#### DATA EXCERPTS ####

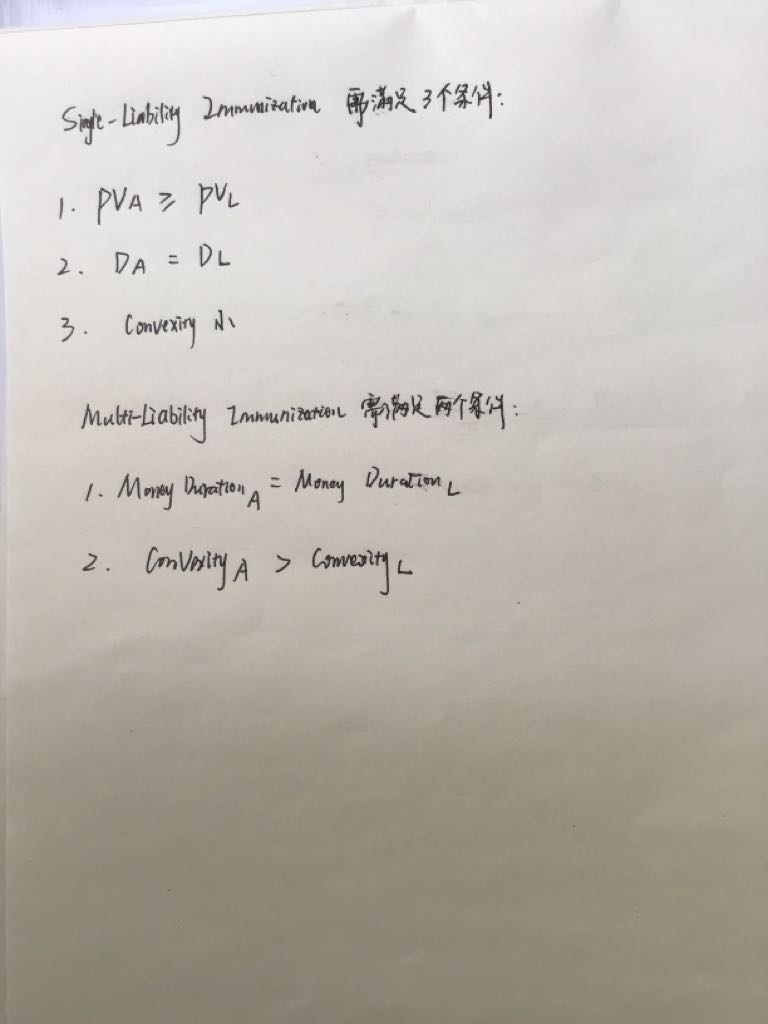 关于LDI ,债券免疫需要满足的条件如下图,对吗?有几个问题,第一,单一债券免疫的条件能改成money duration 匹配吗?第二,多个债券免疫的条件里面,资产和负债的market value可以不等,麦考利久期也可以不等,cash flow yield 也可以不等,只要money duration 相等就可以?
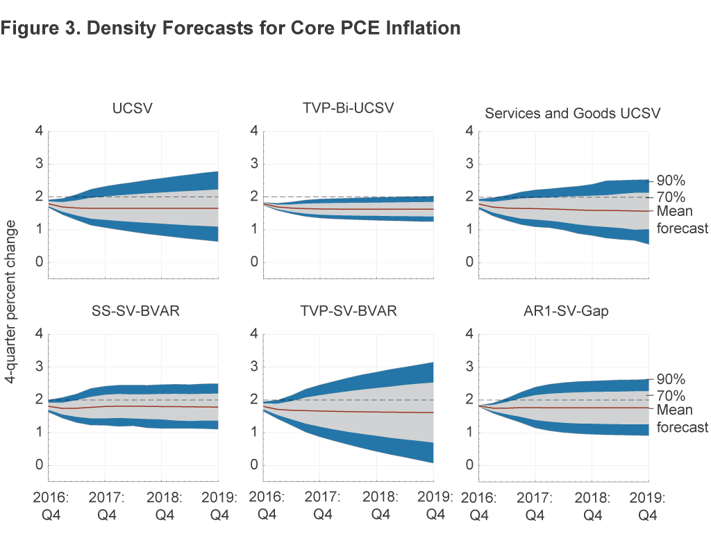 Each of these six models is estimated using data through 2016:Q3 and then simulated to obtain thousands of forecast paths up to 13 quarters out in order to match the SEP projection horizon (i.e., from 2016:Q4 to 2019:Q4).11 The mean of these thousands of forecast paths is denoted as the point forecast; it reflects the most likely forecast of future inflation generated by a given model.12
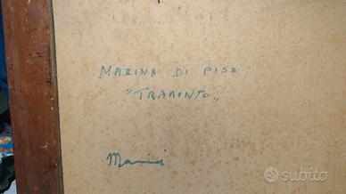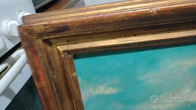 cornice antica con quadro acquerello del pittore Mannini , titolo del quadro tramonto marina di pisa misure 100 cm x 78 cm
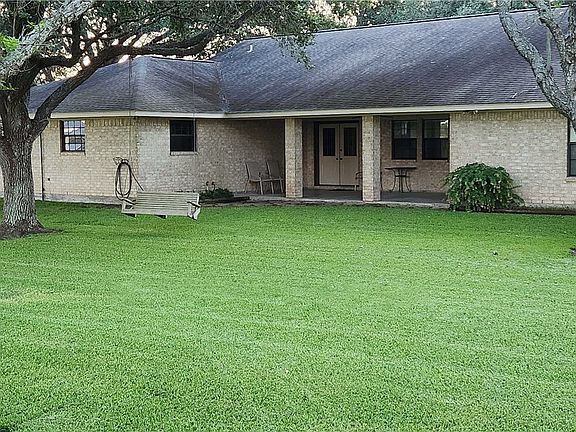 Beautiful Country Estate on 20.98 acres, well-located close to Victoria. This custom-built home features an oversized garage, a covered front porch to catch those sunsets, and a large covered patio. The updated interior complements the well-thought-out floor plan. The foundation is reinforced with 14' bell-bottom piers during construction. Beams are spaced 10-12' apart, and a 4" slab is built to withstand generations. The living room has a wood-burning fireplace. The interior is freshly updated. Double-pane windows add to the efficiency. The kitchen has a center island and plenty of cabinets and countertop space for meal preparation and serving. Outside, you will love all the buildings. There is a large equipment/livestock barn with 3,840 sf, power, water, and compressed air lines. There is an additional large shop with a 2,200 sf concrete floor, power, water, air, and tiedowns. The 416 sf well house makes for additional storage and workspace. The land is as functional as beautiful. There are 44 Live Oaks, including 32 providing a double-sided tree-lined entrance. There are 26 mature shade trees in the yard, providing natural cooling and storm protection. The 9 Mesquite trees provide shade for livestock. As an addditional feature, you get a 20-24 vine vineyard for winemaking, juice, or jelly. The raised garden bed has established perennial asparagus plus ample space for seasonal vegetables. There are fruit and nut trees that include six producing pecans (nine varieties, peaches, figs, satsuma oranges, apricot, persimmon, and bananas. The land is fertile and productive, with approximately 20 acres of ag-exempt pasture/cropland. For 38 years, it has consistently produced profitable hay crops of either alfalfa or clover and sorghum-sudan annually. Multiple barns provide ample hay and equipment storage, supporting livestock, farming, or expanded agricultural ventures. This is the perfect home, agricultural operation, or simply enjoying a peaceful country lifestyle.
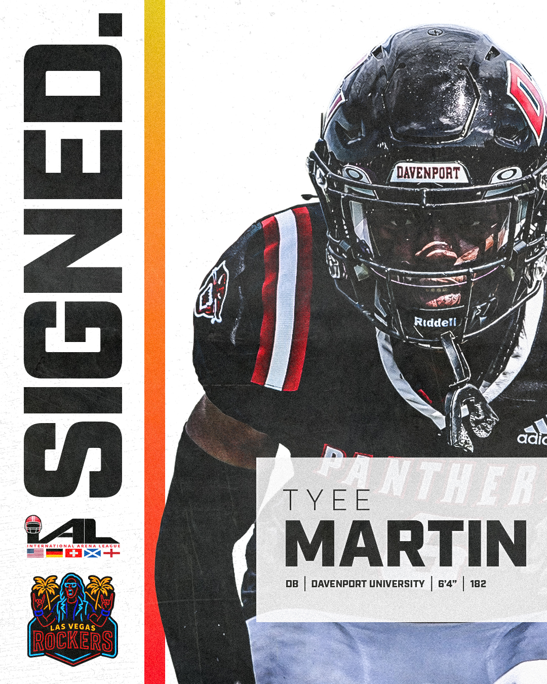 March 25, 2026 (Las Vegas, Nevada) International Arena League, Las Vegas Rockers announced the signing of defensive lineman William Martin III, adding a formidable presence to the defensive front.
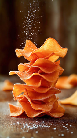 Discover the enticing beauty of stacked sweet potato chips lightly sprinkled with salt. Perfect as a snack or appetizer theyre a crunchy delight

####

▸ **WHAT YOU SHOULD DO**: Since the copy should hold text only, set down each record exactly and leave the pictures out.

▸ **RESPONSE BOX**:
 关于LDI ,债券免疫需要满足的条件如下图,对吗?有几个问题,第一,单一债券免疫的条件能改成money duration 匹配吗?第二,多个债券免疫的条件里面,资产和负债的market value可以不等,麦考利久期也可以不等,cash flow yield 也可以不等,只要money duration 相等就可以?
 Each of these six models is estimated using data through 2016:Q3 and then simulated to obtain thousands of forecast paths up to 13 quarters out in order to match the SEP projection horizon (i.e., from 2016:Q4 to 2019:Q4).11 The mean of these thousands of forecast paths is denoted as the point forecast; it reflects the most likely forecast of future inflation generated by a given model.12
 cornice antica con quadro acquerello del pittore Mannini , titolo del quadro tramonto marina di pisa misure 100 cm x 78 cm
 Beautiful Country Estate on 20.98 acres, well-located close to Victoria. This custom-built home features an oversized garage, a covered front porch to catch those sunsets, and a large covered patio. The updated interior complements the well-thought-out floor plan. The foundation is reinforced with 14' bell-bottom piers during construction. Beams are spaced 10-12' apart, and a 4" slab is built to withstand generations. The living room has a wood-burning fireplace. The interior is freshly updated. Double-pane windows add to the efficiency. The kitchen has a center island and plenty of cabinets and countertop space for meal preparation and serving. Outside, you will love all the buildings. There is a large equipment/livestock barn with 3,840 sf, power, water, and compressed air lines. There is an additional large shop with a 2,200 sf concrete floor, power, water, air, and tiedowns. The 416 sf well house makes for additional storage and workspace. The land is as functional as beautiful. There are 44 Live Oaks, including 32 providing a double-sided tree-lined entrance. There are 26 mature shade trees in the yard, providing natural cooling and storm protection. The 9 Mesquite trees provide shade for livestock. As an addditional feature, you get a 20-24 vine vineyard for winemaking, juice, or jelly. The raised garden bed has established perennial asparagus plus ample space for seasonal vegetables. There are fruit and nut trees that include six producing pecans (nine varieties, peaches, figs, satsuma oranges, apricot, persimmon, and bananas. The land is fertile and productive, with approximately 20 acres of ag-exempt pasture/cropland. For 38 years, it has consistently produced profitable hay crops of either alfalfa or clover and sorghum-sudan annually. Multiple barns provide ample hay and equipment storage, supporting livestock, farming, or expanded agricultural ventures. This is the perfect home, agricultural operation, or simply enjoying a peaceful country lifestyle.
 March 25, 2026 (Las Vegas, Nevada) International Arena League, Las Vegas Rockers announced the signing of defensive lineman William Martin III, adding a formidable presence to the defensive front.
 Discover the enticing beauty of stacked sweet potato chips lightly sprinkled with salt. Perfect as a snack or appetizer theyre a crunchy delight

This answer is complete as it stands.